From 49d14b54a527289d09a9480f214b8c586322310a Mon Sep 17 00:00:00 2001
From: Eric Dumazet <edumazet@google.com>
Date: Thu, 26 Sep 2024 16:58:36 +0000
Subject: net: test for not too small csum_start in virtio_net_hdr_to_skb()

syzbot was able to trigger this warning [1], after injecting a
malicious packet through af_packet, setting skb->csum_start and thus
the transport header to an incorrect value.

We can at least make sure the transport header is after
the end of the network header (with a estimated minimal size).

[1]
[   67.873027] skb len=4096 headroom=16 headlen=14 tailroom=0
mac=(-1,-1) mac_len=0 net=(16,-6) trans=10
shinfo(txflags=0 nr_frags=1 gso(size=0 type=0 segs=0))
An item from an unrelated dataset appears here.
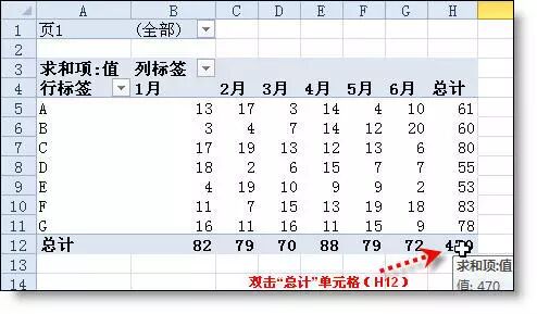 4 、数据透视表生成后,双击最右下角的汇总值所在单元格。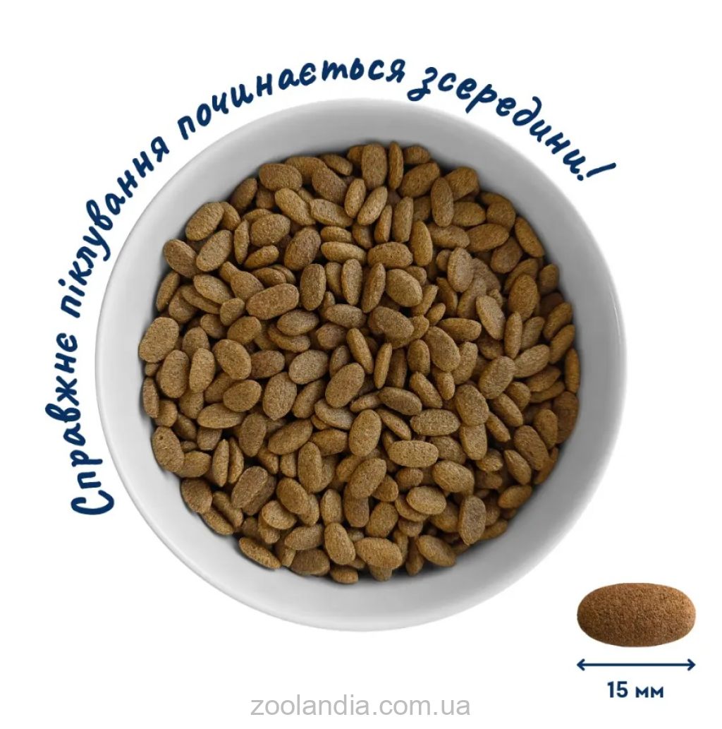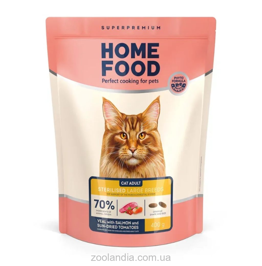 Високопротеїновий корм на основі двох видів протеїнів – м’яса телятини та лосося. Ідеально підходить для котів великих порід завдяки потужному вмісту хондропротекторів.

csum(0xa start=10 offset=0 ip_summed=3 complete_sw=0 valid=0 level=0)
hash(0x0 sw=0 l4=0) proto=0x0800 pkttype=0 iif=0
priority=0x0 mark=0x0 alloc_cpu=10 vlan_all=0x0
encapsulation=0 inner(proto=0x0000, mac=0, net=0, trans=0)
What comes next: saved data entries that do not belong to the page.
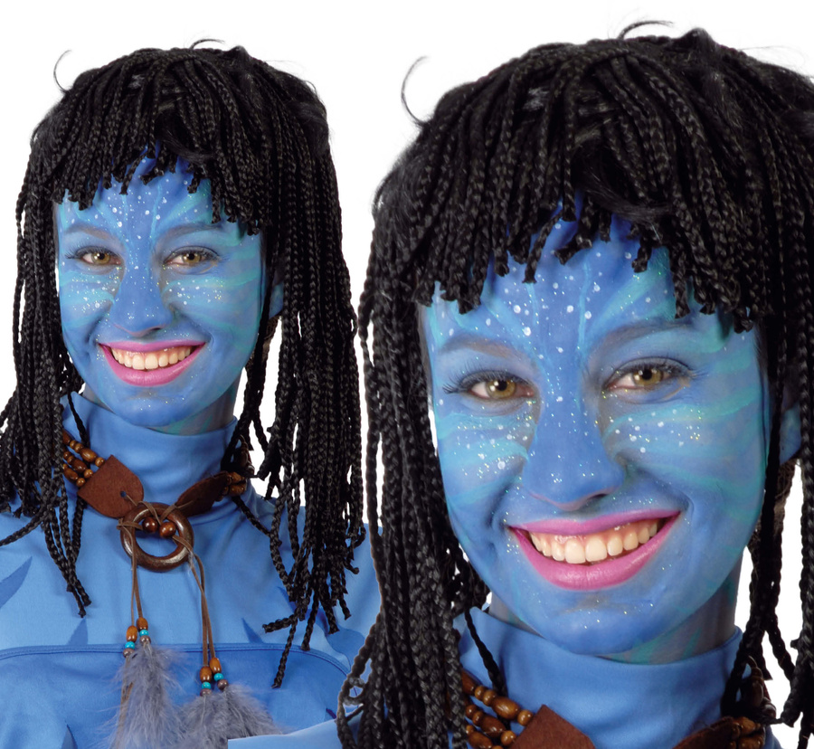 Efektowna czarna peruka z dredami inspirowana stylem Avatar, idealna do stworzenia wyjątkowej, egzotycznej stylizacji. Doskonały dodatek do kostiumów fantasy, cosplayu oraz tematycznych imprez, który natychmiast przyciąga uwagę i podkreśla charakter przebrania.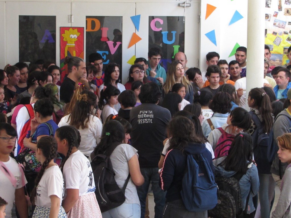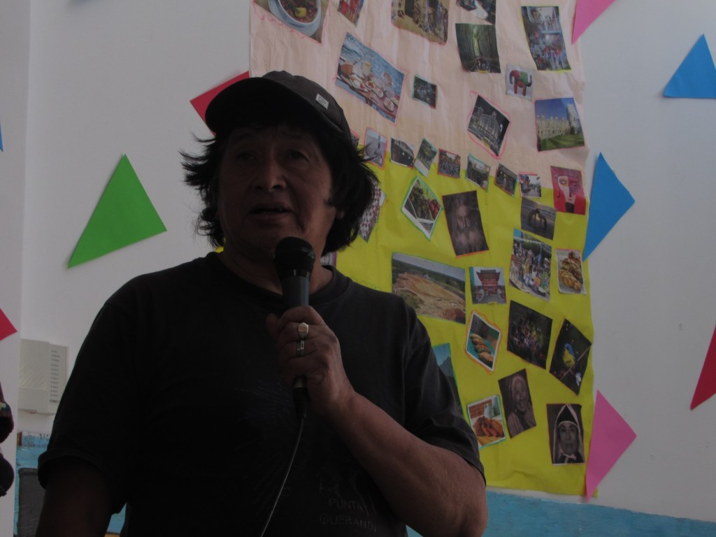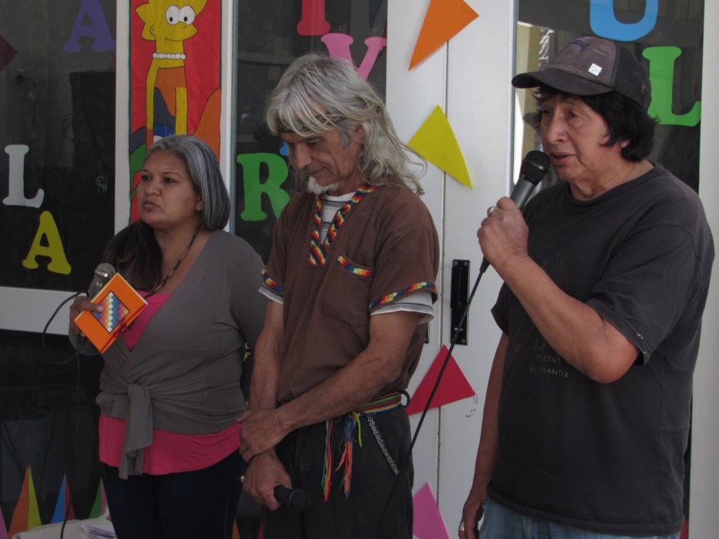 El encuentro comenzó con una caminata por el pueblo. «Nos trasladamos por la calle libremente, nos pusimos a los costados del puente y cantamos una canción», relató la profesora de música, una de las organizadoras de la jornada. Ya en el establecimiento, cerca del final del acto, tomaron el micrófono los representantes de las comunidades originarias, Santiago Chara, Reinaldo Roa y Cintia López.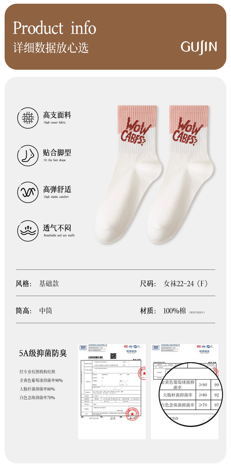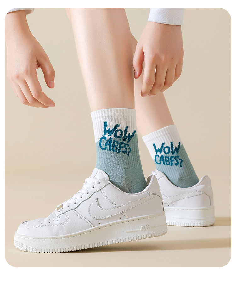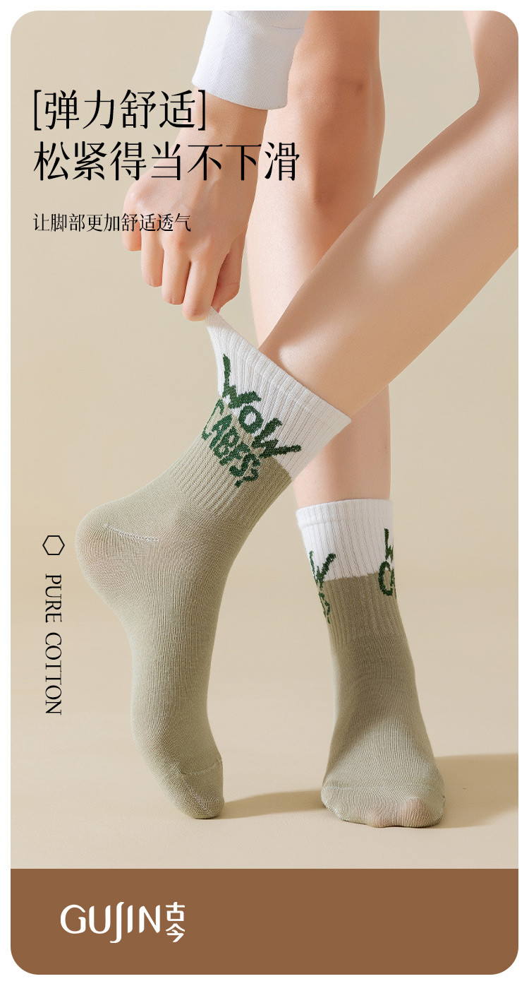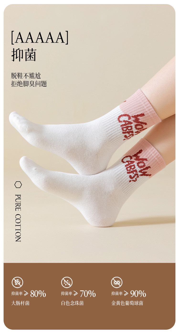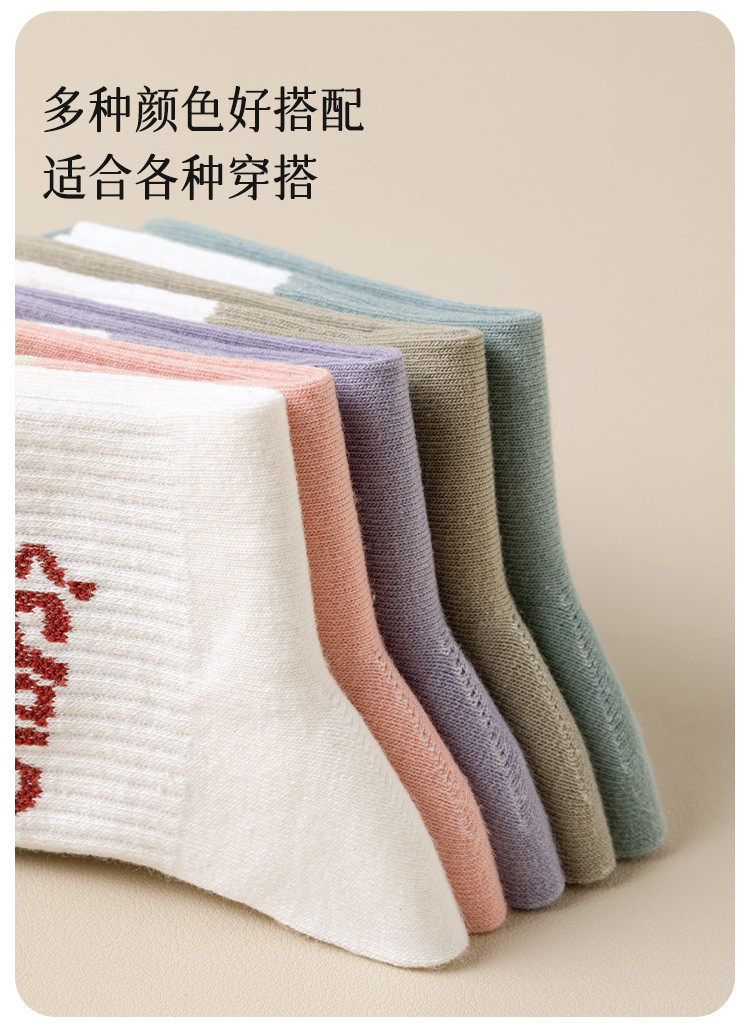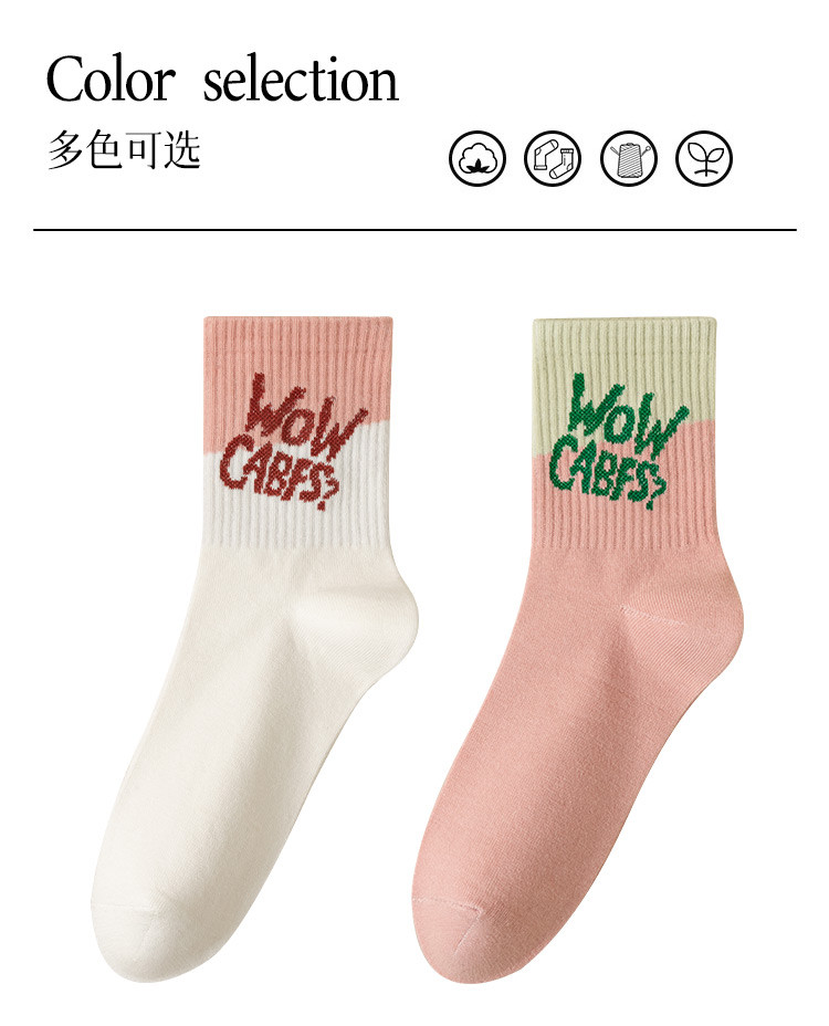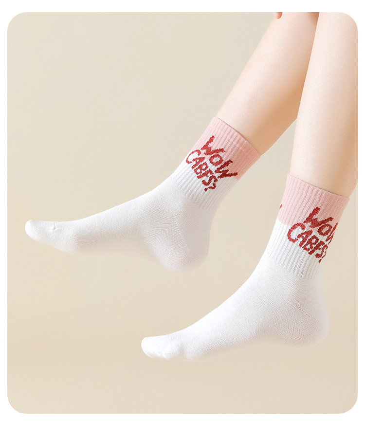 商品名称:【100%棉】5双装女士袜子女秋冬款时尚字母撞色女袜潮流棉袜 793995

[   67.877172] dev name=veth0_vlan feat=0x000061164fdd09e9
[   67.877764] sk family=17 type=3 proto=0
[   67.878279] skb linear:   00000000: 00 00 10 00 00 00 00 00 0f 00 00 00 08 00
[   67.879128] skb frag:     00000000: 0e 00 07 00 00 00 28 00 08 80 1c 00 04 00 00 02
[   67.879877] skb frag:     00000010: 00 00 00 00 00 00 00 00 00 00 00 00 00 00 00 00
[   67.880647] skb frag:     00000020: 00 00 02 00 00 00 08 00 1b 00 00 00 00 00 00 00
[   67.881156] skb frag:     00000030: 00 00 00 00 00 00 00 00 00 00 00 00 00 00 00 00
[   67.881753] skb frag:     00000040: 00 00 00 00 00 00 00 00 00 00 00 00 00 00 00 00
[   67.882173] skb frag:     00000050: 00 00 00 00 00 00 00 00 00 00 00 00 00 00 00 00
[   67.882790] skb frag:     00000060: 00 00 00 00 00 00 00 00 00 00 00 00 00 00 00 00
[   67.883171] skb frag:     00000070: 00 00 00 00 00 00 00 00 00 00 00 00 00 00 00 00
[   67.883733] skb frag:     00000080: 00 00 00 00 00 00 00 00 00 00 00 00 00 00 00 00
[   67.884206] skb frag:     00000090: 00 00 00 00 00 00 00 00 00 00 69 70 76 6c 61 6e
[   67.884704] skb frag:     000000a0: 31 00 00 00 00 00 00 00 00 00 2b 00 00 00 00 00
[   67.885139] skb frag:     000000b0: 00 00 00 00 00 00 00 00 00 00 00 00 00 00 00 00
[   67.885677] skb frag:     000000c0: 00 00 00 00 00 00 00 00 00 00 00 00 00 00 00 00
[   67.886042] skb frag:     000000d0: 00 00 00 00 00 00 00 00 00 00 00 00 00 00 00 00
[   67.886408] skb frag:     000000e0: 00 00 00 00 00 00 00 00 00 00 00 00 00 00 00 00
[   67.887020] skb frag:     000000f0: 00 00 00 00 00 00 00 00 00 00 00 00 00 00 00 00
[   67.887384] skb frag:     00000100: 00 00
[   67.887878] ------------[ cut here ]------------
[   67.887908] offset (-6) >= skb_headlen() (14)
[   67.888445] WARNING: CPU: 10 PID: 2088 at net/core/dev.c:3332 skb_checksum_help (net/core/dev.c:3332 (discriminator 2))
[   67.889353] Modules linked in: macsec macvtap macvlan hsr wireguard curve25519_x86_64 libcurve25519_generic libchacha20poly1305 chacha_x86_64 libchacha poly1305_x86_64 dummy bridge sr_mod cdrom evdev pcspkr i2c_piix4 9pnet_virtio 9p 9pnet netfs
[   67.890111] CPU: 10 UID: 0 PID: 2088 Comm: b363492833 Not tainted 6.11.0-virtme #1011
[   67.890183] Hardware name: QEMU Standard PC (i440FX + PIIX, 1996), BIOS 1.16.3-debian-1.16.3-2 04/01/2014
[   67.890309] RIP: 0010:skb_checksum_help (net/core/dev.c:3332 (discriminator 2))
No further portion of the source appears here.